Alabama: 5th-Grade Standards

Article Body

AL.5. Standard: United States Studies—Beginnings to the Industrial Revolution

Fifth-grade content standards focus on the United States from the prehistoric period to the Industrial Revolution.

5.1

  • 5.1.1 Students will:

    Locate on a map physical features that impacted the exploration and settlement of the Americas, including ocean currents, prevailing winds, large forests, major rivers, and significant mountain ranges (Geography, History).

  • 5.1.2 Students will practice:

    • Locating on a map states and capitals east of the Mississippi River
    • Identifying natural harbors in North America
      • Grade Level Example:

        Mobile, Boston, New York, New Orleans, Savannah

5.2

  • 5.2.1 Students will:

    Identify causes and effects of early migration and settlement of North America.(Geography, History).

5.3

  • 5.3.1 Students will:

    Distinguish differences among major American Indian cultures in North America according to geographic region, natural resources, community organization, economy, and belief systems (Economics, Geography, History, Civics and Government).

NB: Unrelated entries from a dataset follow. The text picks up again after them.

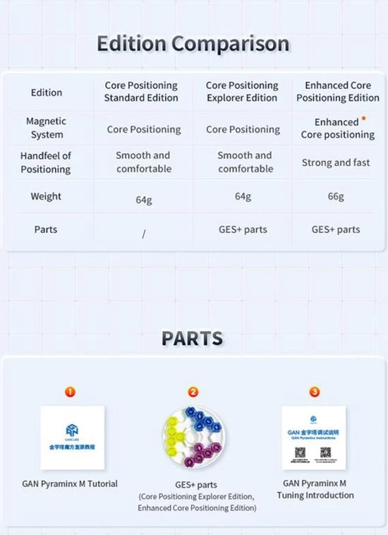 Benieuwd naar de verschillen tussen de Standard-, Explorer- en Enhanced-versies? De standaardversie is de basisversie van deze kubus. Deze wordt geleverd met een set GES-moeren voorge?nstalleerd en kernrandmagneten. De Explorer-versie wordt geleverd met extra GES-moeren. De Enhanced versie wordt geleverd met alle bovenstaande plus magnetische onderdelen.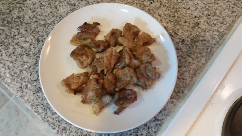 เมื่อเช้าผมมีของ 2 อย่างที่ซื้อมาแล้วแต่ไม่ได้กิน เลยเอาเข้าตู้เย็นไว้ อย่างแรกคือหมูปิ้ง
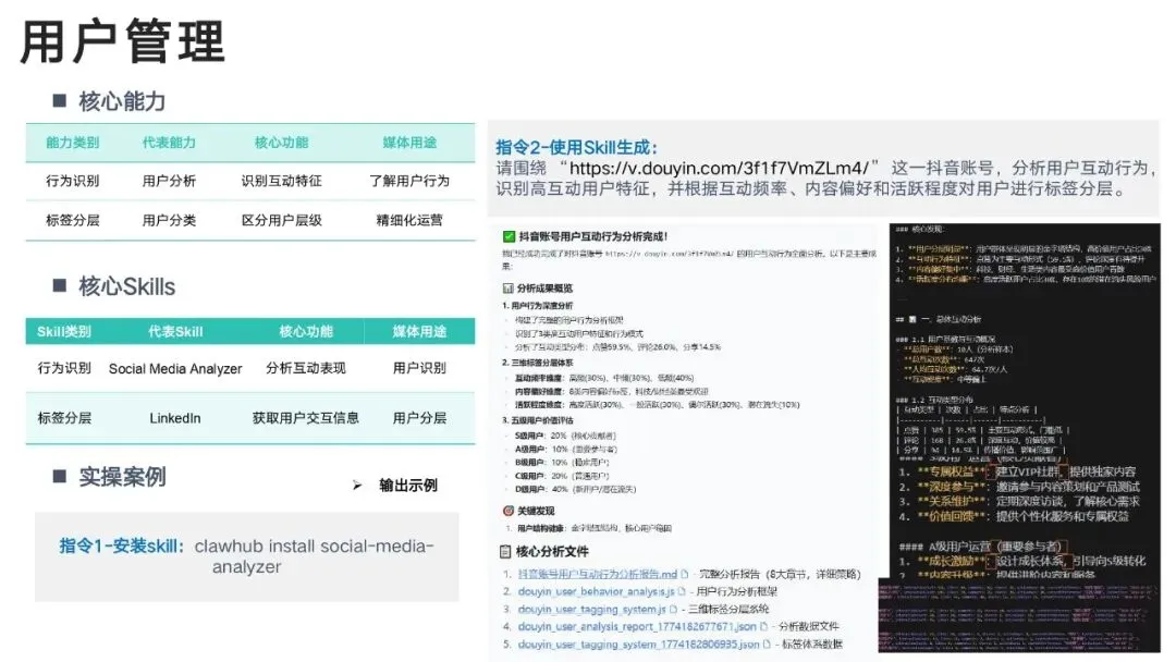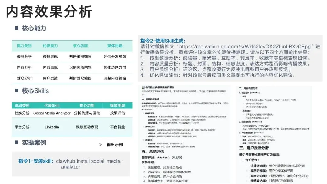 报告里直接给出可复制的 Skill 指令,复制粘贴就能用。

  • 5.3.2 Students will practice:

    Locating on a map American Indian nations according to geographic region

5.4

  • 5.4.1 Students will:

    Determine the economic and cultural impact of European exploration during the Age of Discovery upon European society and American Indians (Economics, Geography, History, Civics and Government).

  • 5.4.2 Students will practice:

    • Identifying significant early European patrons, explorers, and their countries of origin, including early settlements in the New World
      • Grade Level Example:

        patrons—King Ferdinand and Queen Isabella
        explorers—Christopher Columbus
        early settlements—St. Augustine, Quebec, Jamestown

    • Tracing the development and impact of the Columbian Exchange

5.5

  • 5.5.1 Students will:

    Explain the early colonization of North America and reasons for settlement in the Northern, Middle, and Southern colonies, including geographic features, landforms, and differences in climate among the colonies (Economics, Geography, History, Civics and Government).

  • 5.5.2 Students will practice:

    • Recognizing how colonial development was influenced by the desire for religious freedom
      • Grade Level Example:

        development in Massachusetts, Connecticut, Rhode Island, Pennsylvania, and Maryland colonies

    • Identifying influential leaders in colonial society
    • Describing emerging colonial government
      • Grade Level Example:

        Mayflower Compact, representative government, town meetings, rule of law

5.6

  • 5.6.1. Students will:

    Describe colonial economic life and labor systems in the Americas. (Economics, Geography, History).

  • 5.5.2 Students will practice:

    Recognizing centers of slave trade in the Western Hemisphere and the establishment of the Triangular Trade Route

5.7

  • 5.7. Students will:

    Determine causes and events leading to the American Revolution, including the French and Indian War, the Stamp Act, the Intolerable Acts, the Boston Massacre, and the Boston Tea Party (Economics, History, Civics and Government).

5.8

  • 5.8.1 Students will:

    Identify major events of the American Revolution, including the battles of Lexington and Concord, Bunker Hill, Saratoga, and Yorktown (Economics, Geography, History, Civics and Government).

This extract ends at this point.